I once did contractor work a few days at a private college. Talking with one of the office staffers I mentioned how they must pay well with all the BMWs in the parking lot. She pointed to the parking lot full of Corollas and Ford's and told me that's the employee lot. The Bimmers are in the student lot.
Did luck get the BMW and hard work the Corolla?
 
Unless they were identical twin brothers, they had similar genes but not identical, and their influences, friends, and experiences were also fairly similar but definitely not exactly the same. Studies have shown that parents tend to pay different amounts of attention and to interact differently with their children, even identical twins, which leads to marked differences in their interests and skills, etc. My point is simply that everything that makes up a person comes down to either genetics (nature) or environment (nurture), and that neither of those is something a person chooses. Luck is the root cause of all of it. Getting back to Bill Gates, you said that he could have chosen an easier path and been an office drone, as did some of his very similar peers. Yes, he could have, but he didn't, because of the very specific luck-based factors that shaped him as a person (e.g., his genes, his parents, his specific friends, family, teachers, influences, etc.).
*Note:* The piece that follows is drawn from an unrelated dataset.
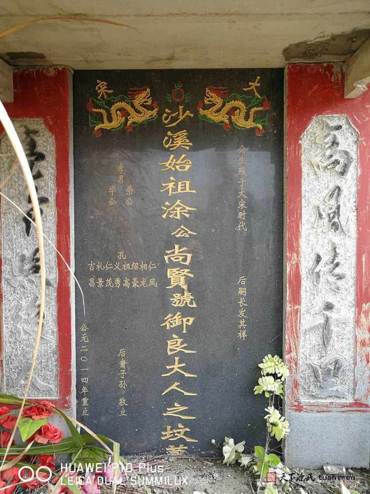 由于年代久远,原来的石碑风化得厉害,上面的碑文大多模糊不清,只能勉强分辨出“大宋”与墓主人名及尚贤公墓最早修建人“荣”、“华”等字样,但年份等其他字迹已无法辨认。左下方是尚贤墓二修后代孔字辈八位前辈的名。现在我们看到的这尊墓是2014年沙溪涂氏第三次重修的。 尚贤公墓高高耸立着,正面遥望着不远千里寻觅到的风水宝地,仿佛就像尚贤公当年那样金戈铁马勒缰伫立,他是在庇护着他的子子孙孙平安富足!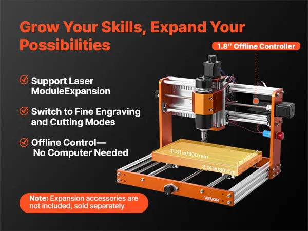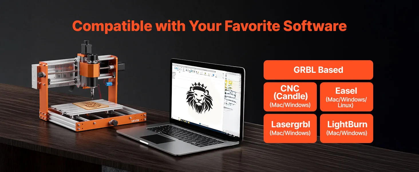 Breite Softwarekompatibilität: Kompatibel mit allen Programmen, die die GRBL-Firmware f1.1 unterstützen. Inklusive Candle-Software; läuft unter Mac/Windows/Linux und unterstützt CNC (Candle), Easel, LaserGRBL und LightBurn. Der 1,8-Zoll (4,57 cm)-Offline-Controller ermöglicht den Betrieb ohne PC

Those things all made him what he turned out to be, but (IMHO) he didn't really "choose" any of that.

Interesting insights.

But aren't you suggesting that we all have some sort of post-birth 'predestination'? That what we are/become, successful/failure, rich/poor, good/bad person are all a matter of things out of our control and more about thousands of inputs and influences as we live?

In that case, the billionaire doesn't deserve praise and the murderer doesn't deserve blame as we are all driven by these lifetimes of influences. We essentially have no choice because, as you say like Bill Gates, "he really didn't choose any of that" and it is a function of our genes and influences that shape our decisions. No?